TASK OBJECTIVE — Using the data below, restate exactly every line from the one with "The on-device AI" up to and including the one with "17年黄晓明生日时,Baby". No picture belongs in it.
··· DATA RECORDS
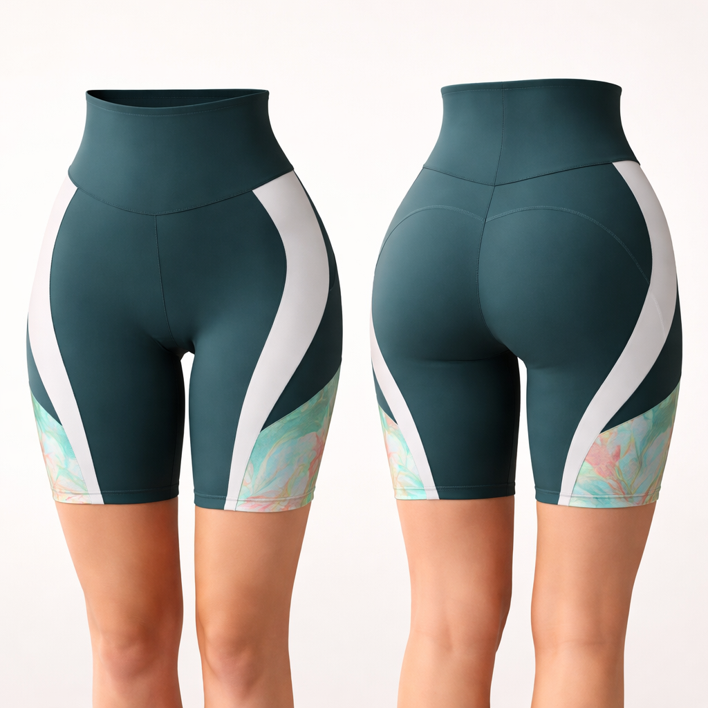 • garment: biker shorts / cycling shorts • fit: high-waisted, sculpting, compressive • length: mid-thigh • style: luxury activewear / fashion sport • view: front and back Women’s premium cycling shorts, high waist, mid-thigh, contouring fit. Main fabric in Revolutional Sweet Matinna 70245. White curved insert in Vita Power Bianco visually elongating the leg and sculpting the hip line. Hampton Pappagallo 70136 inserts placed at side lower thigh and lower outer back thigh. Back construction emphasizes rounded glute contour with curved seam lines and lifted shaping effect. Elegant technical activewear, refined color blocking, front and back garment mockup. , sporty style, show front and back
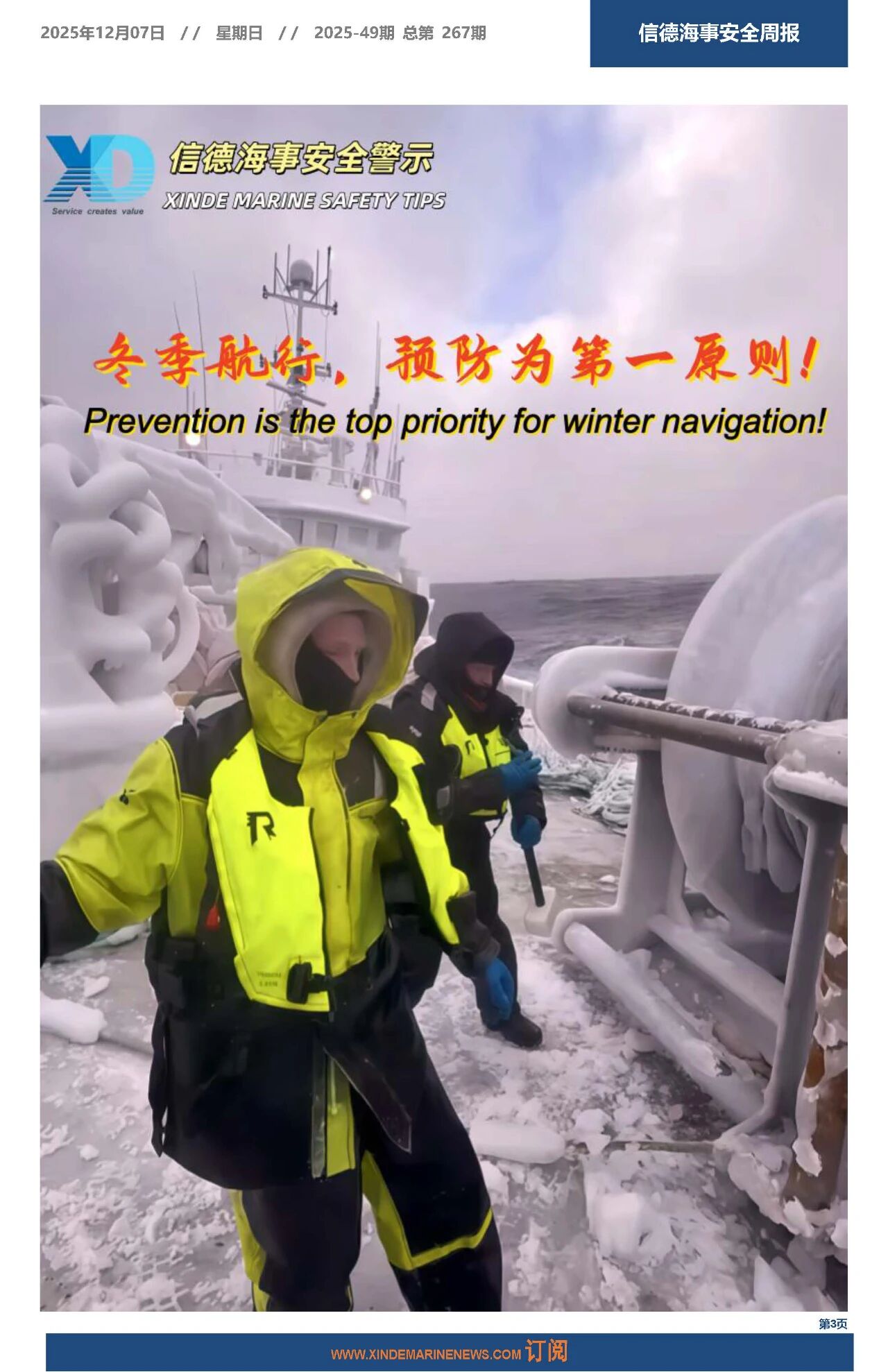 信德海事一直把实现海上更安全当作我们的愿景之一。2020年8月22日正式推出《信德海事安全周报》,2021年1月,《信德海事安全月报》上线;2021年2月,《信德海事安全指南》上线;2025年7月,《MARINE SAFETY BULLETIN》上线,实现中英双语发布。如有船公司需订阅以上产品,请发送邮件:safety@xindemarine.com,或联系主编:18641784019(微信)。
······
··· DATA RECORDS
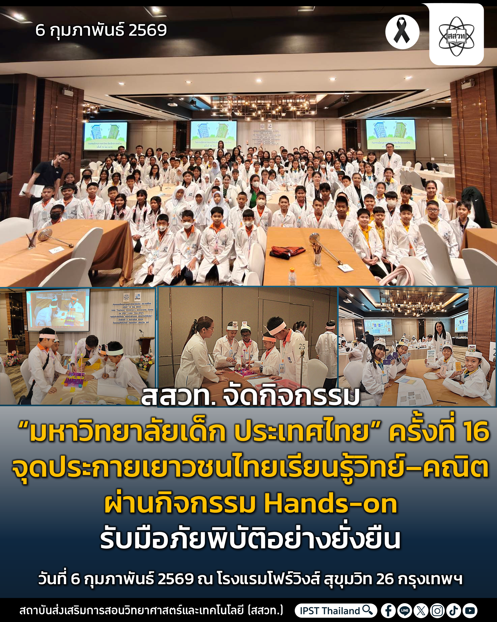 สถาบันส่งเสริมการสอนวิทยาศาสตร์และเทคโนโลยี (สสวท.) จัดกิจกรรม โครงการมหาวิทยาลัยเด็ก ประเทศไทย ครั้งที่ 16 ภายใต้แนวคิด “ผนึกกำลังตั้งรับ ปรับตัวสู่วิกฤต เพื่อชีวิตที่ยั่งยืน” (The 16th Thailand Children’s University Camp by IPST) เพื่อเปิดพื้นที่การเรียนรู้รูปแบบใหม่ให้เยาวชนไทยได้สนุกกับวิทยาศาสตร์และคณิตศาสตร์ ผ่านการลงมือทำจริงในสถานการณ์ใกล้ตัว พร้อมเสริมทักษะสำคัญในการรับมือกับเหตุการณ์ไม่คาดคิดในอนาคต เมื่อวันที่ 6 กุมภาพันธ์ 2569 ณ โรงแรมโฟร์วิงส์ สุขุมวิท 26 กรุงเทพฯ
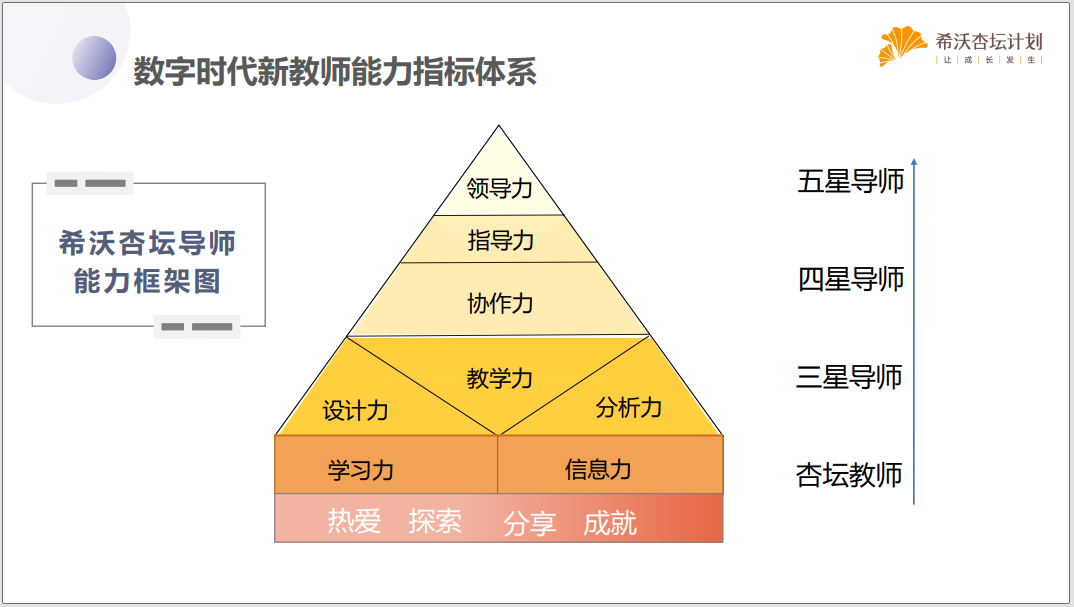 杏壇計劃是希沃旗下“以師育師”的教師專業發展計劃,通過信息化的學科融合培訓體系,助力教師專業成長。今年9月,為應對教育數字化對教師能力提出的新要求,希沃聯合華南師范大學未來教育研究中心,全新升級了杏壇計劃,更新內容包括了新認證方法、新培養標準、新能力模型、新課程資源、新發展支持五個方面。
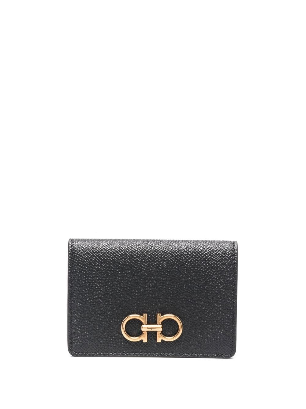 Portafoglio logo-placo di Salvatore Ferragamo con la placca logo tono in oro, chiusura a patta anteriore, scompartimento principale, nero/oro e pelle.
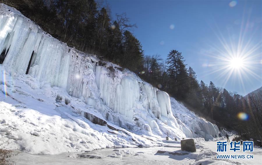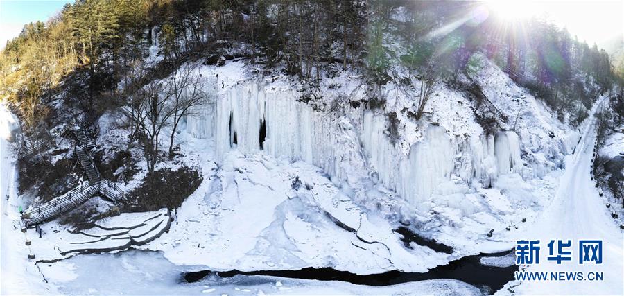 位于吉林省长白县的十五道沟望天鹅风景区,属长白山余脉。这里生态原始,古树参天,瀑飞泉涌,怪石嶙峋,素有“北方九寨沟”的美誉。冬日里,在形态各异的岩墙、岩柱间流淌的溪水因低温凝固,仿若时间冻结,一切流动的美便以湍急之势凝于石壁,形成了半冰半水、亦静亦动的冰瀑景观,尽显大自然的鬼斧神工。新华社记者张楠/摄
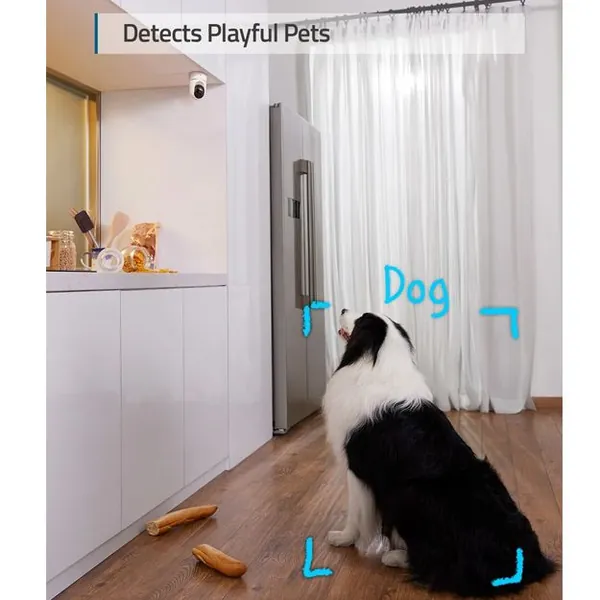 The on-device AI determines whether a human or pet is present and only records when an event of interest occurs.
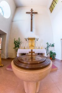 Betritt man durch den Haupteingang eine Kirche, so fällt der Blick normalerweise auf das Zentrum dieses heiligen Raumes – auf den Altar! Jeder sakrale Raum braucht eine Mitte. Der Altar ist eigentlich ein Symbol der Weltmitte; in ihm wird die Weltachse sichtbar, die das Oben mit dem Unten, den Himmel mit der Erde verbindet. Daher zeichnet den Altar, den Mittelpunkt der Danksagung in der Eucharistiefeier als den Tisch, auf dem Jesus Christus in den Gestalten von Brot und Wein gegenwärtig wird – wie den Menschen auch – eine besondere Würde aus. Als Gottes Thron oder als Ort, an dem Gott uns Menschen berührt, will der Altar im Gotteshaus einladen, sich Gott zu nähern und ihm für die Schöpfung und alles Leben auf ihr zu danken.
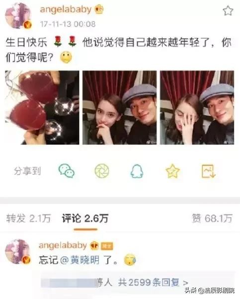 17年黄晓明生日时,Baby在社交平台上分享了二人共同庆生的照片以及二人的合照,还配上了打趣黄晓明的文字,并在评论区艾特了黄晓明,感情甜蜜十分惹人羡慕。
······
··· DATA RECORDS
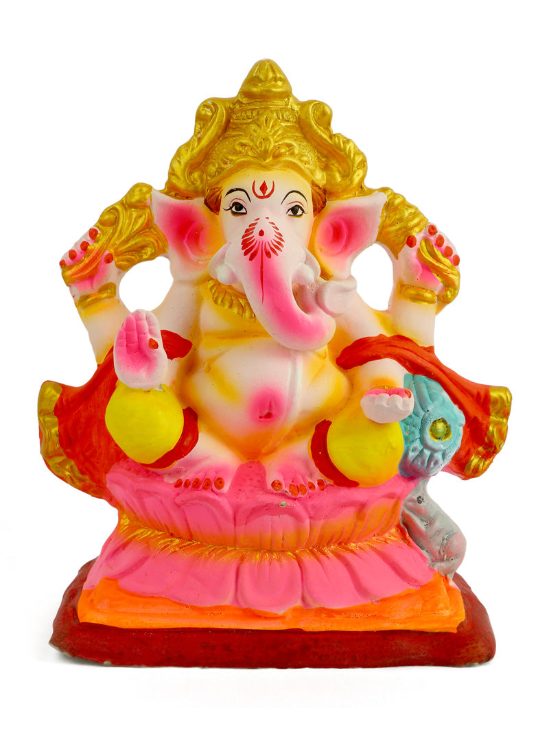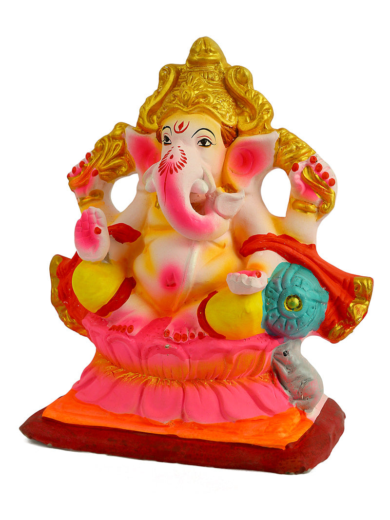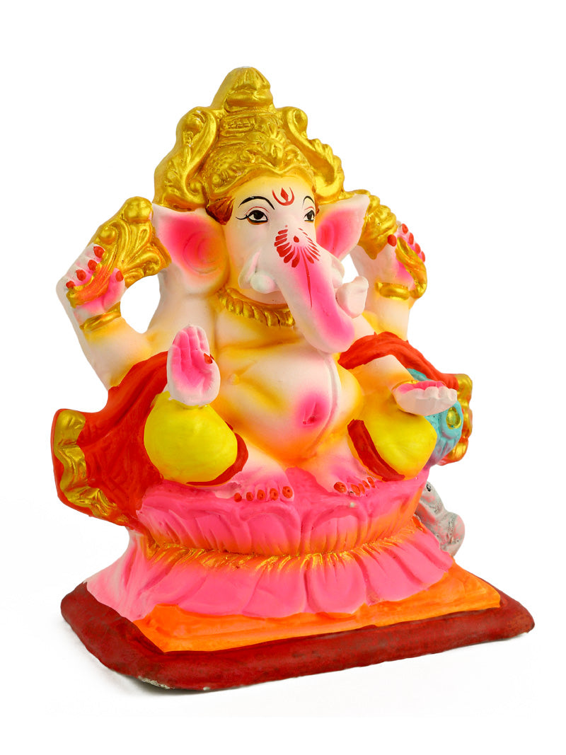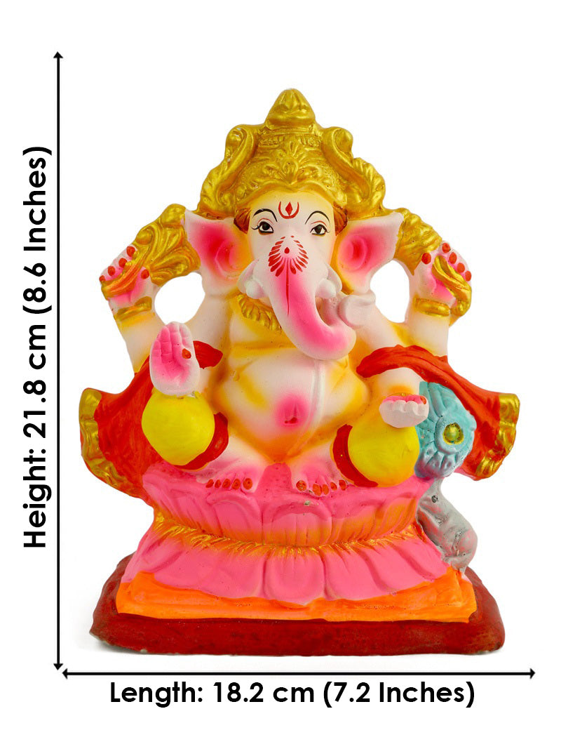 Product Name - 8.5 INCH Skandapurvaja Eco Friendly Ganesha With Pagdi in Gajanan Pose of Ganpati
······
SOLUTION TO THE PROBLEM —
 The on-device AI determines whether a human or pet is present and only records when an event of interest occurs.
 Betritt man durch den Haupteingang eine Kirche, so fällt der Blick normalerweise auf das Zentrum dieses heiligen Raumes – auf den Altar! Jeder sakrale Raum braucht eine Mitte. Der Altar ist eigentlich ein Symbol der Weltmitte; in ihm wird die Weltachse sichtbar, die das Oben mit dem Unten, den Himmel mit der Erde verbindet. Daher zeichnet den Altar, den Mittelpunkt der Danksagung in der Eucharistiefeier als den Tisch, auf dem Jesus Christus in den Gestalten von Brot und Wein gegenwärtig wird – wie den Menschen auch – eine besondere Würde aus. Als Gottes Thron oder als Ort, an dem Gott uns Menschen berührt, will der Altar im Gotteshaus einladen, sich Gott zu nähern und ihm für die Schöpfung und alles Leben auf ihr zu danken.
 17年黄晓明生日时,Baby在社交平台上分享了二人共同庆生的照片以及二人的合照,还配上了打趣黄晓明的文字,并在评论区艾特了黄晓明,感情甜蜜十分惹人羡慕。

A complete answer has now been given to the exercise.